La grève des éboueurs parisiens et les manifestations contre la réforme des retraites ont mis certaines couleurs en berne et en ont promu d’autres. Aux « espaces verts » urbains, aux « mobilités vertes » et au bariolage « arc-en-ciel » du genre humain est venue se superposer toute une palette de tons sinistres et sales allant du gris-sac poubelle au noir black-bloc, en passant par les repoussants gris jaunâtre, gris verdâtre et autre gris marronnasse que nos vies de consommation quotidienne ont étalés en larges touches putrescentes d’un trottoir à l’autre. La grande résilience des Parisiens en matière de laideur urbaine est à saluer autant qu’à déplorer : parvenue à un degré baudelairien (« les parfums, les couleurs et les sons se répondent »), elle trahit une certaine accoutumance au moche sous des formes inlassablement renouvelées. Après tout, les sanies de nos immondices mal empaquetées gisant sur le bitume valent bien la sculpture d’un sac de couchage jaune pisseux signé Gavin Turk, et l’accoutrement monochrome des black blocksvaut bien la tenue réglementaire de beaucoup d’enfants et d’adolescents, à savoir le sempiternel jogging noir porté à toute heure de la journée sans intention précise de pratiquer quelque sport que ce soit.

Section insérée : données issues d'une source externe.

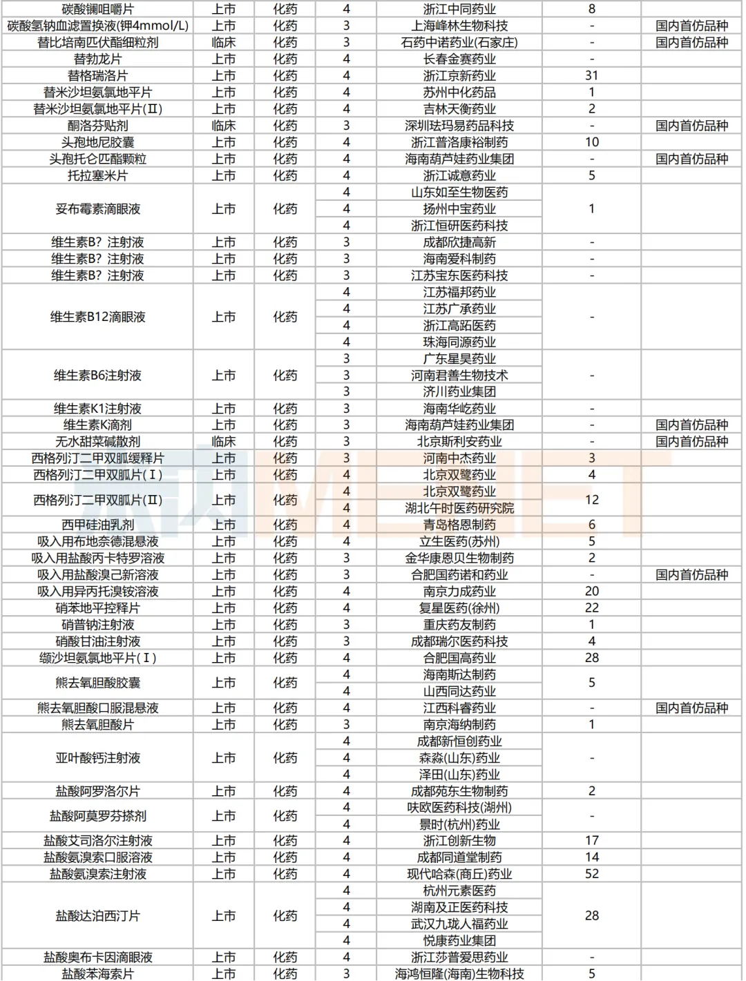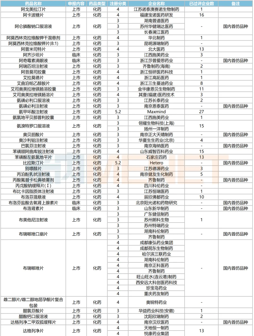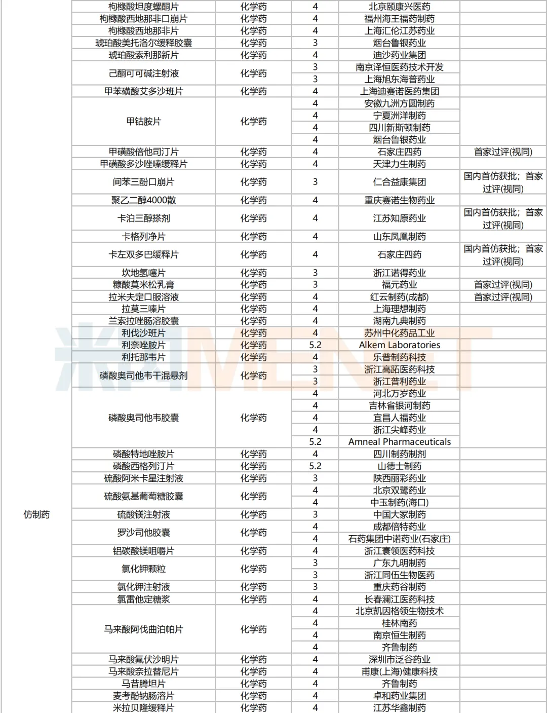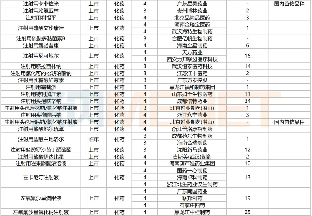 205个品种按新分类仿制申请获批并视同过评,53个品种按存量品种一致性评价补充申请过评。35个品种首家过评,其中,恩曲利匹丙诺片(齐鲁制药)、间苯三酚口崩片(仁合益康集团)、卡泊三醇搽剂(江苏知原药业)、卡左双多巴缓释片(石家庄四药)、普瑞巴林口崩片(广州帝奇医药技术)、羟考酮纳洛酮缓释片(山东绿叶制药)、替米沙坦氨氯地平片(江西施美药业)、替普瑞酮胶囊(浙江核力欣健药业)等19个品种为国内首仿。

Face à ce spectacle urbain désolant, face aussi à cette indigence chromatique que le philosophe allemand Peter Sloterdijk, dans un livre récemment traduit en français (Gris : une théorie politique des couleurs) nomme l’« engrisement » général de nos sociétés occidentales, adeptes du compromis et de « l’omnicouleur incolore de la liberté aliénée », l’exposition « Pastels » au Musée d’Orsay est une belle façon d’aller se « débarbouiller la vue » (Joris-Karl Huysmans) et de vérifier que l’on n’est pas atteint d’ophtalmie sévère. Oui, dans la France de 2023, l’œil humain est encore capable de distinguer jusqu’à deux cents nuances de couleur. Oui, il y a un monde possible entre les jouets criards et odieusement bariolés proposés à nos jeunes enfants et les teintes éreintées que nous arborons collectivement avec l’ennui propre aux sociétés délavées.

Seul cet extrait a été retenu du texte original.